# hip dysplasia and raw?



## Anita11811 (May 10, 2011)

Hi, I have a 18 month old Male who, unfortunately, has been diagnosed with Dysplasia. I have been feeding him raw since he was about 13 months old, but i want to know of any good additives for meat to help with pain, inflammation, and just discomfort. Currently he eats either Beef, Chicken, turkey, or pork. With liver given 2 times a week. Is there any supplements or just something from the grocery store or pharmacy to add to make his bones 'last longer' and stronger? 

Thanks in advance


----------



## Jax08 (Feb 13, 2009)

I see good results with Dasuquinn w/MSM. Call your butcher and ask for the trachea when they butcher cows. I dehydrate them and give as a treat.
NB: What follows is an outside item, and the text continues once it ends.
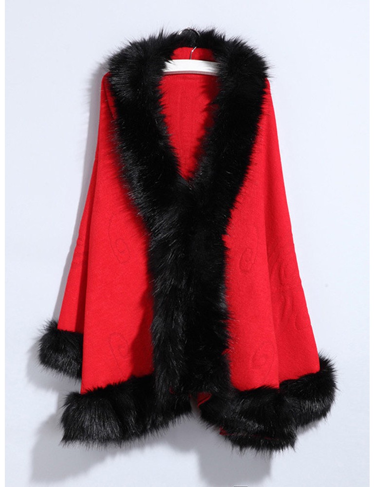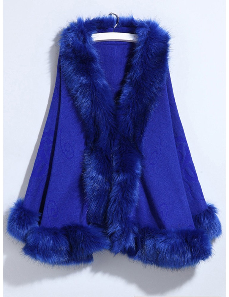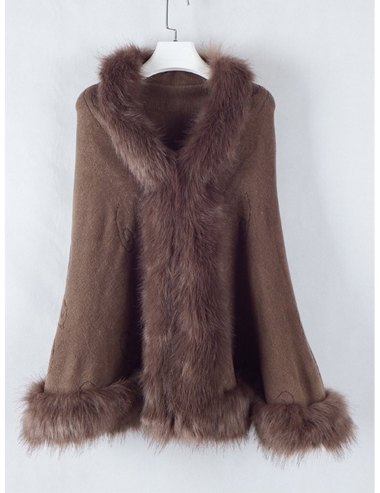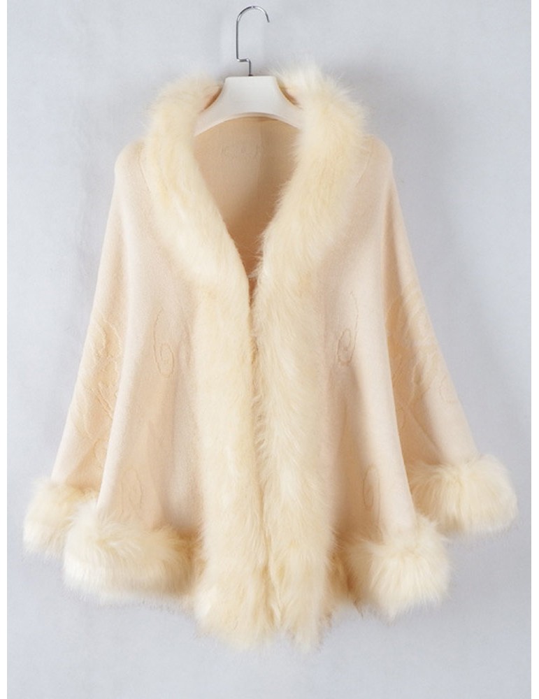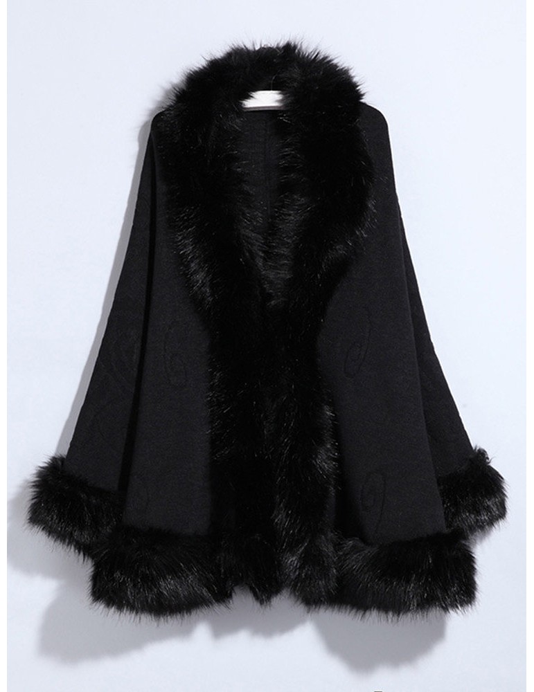 Women Faux Fur Collar Knitted Shawl Cloak Coats

the problem is HD is the arthritis. You need to keep the inflammation down and supplement with things that are naturally in the joint...glucosamine, chondroitin, MSM, HA. Turmeric and Bromelain are good for inflammation,


----------



## Anita11811 (May 10, 2011)

Jax08 said:


> I see good results with Dasuquinn w/MSM. Call your butcher and ask for the trachea when they butcher cows. I dehydrate them and give as a treat.
> 
> the problem is HD is the arthritis. You need to keep the inflammation down and supplement with things that are naturally in the joint...glucosamine, chondroitin, MSM, HA. Turmeric and Bromelain are good for inflammation,


Thank you,but Would you be able to give me a link where to buy these things at? I would really appreciate it =]


----------



## Jax08 (Feb 13, 2009)

Do a google search. Many places sell them, amazon, vitacost,etc.


----------



## qbchottu (Jul 10, 2011)

Amazon sells Dasequin and many other supplements. I also like GlycoFlex, Cosequin and Liquid Health. All can be purchased from Amazon or retailers like 1800petmeds. I've seen some of these supplements in pet stores. 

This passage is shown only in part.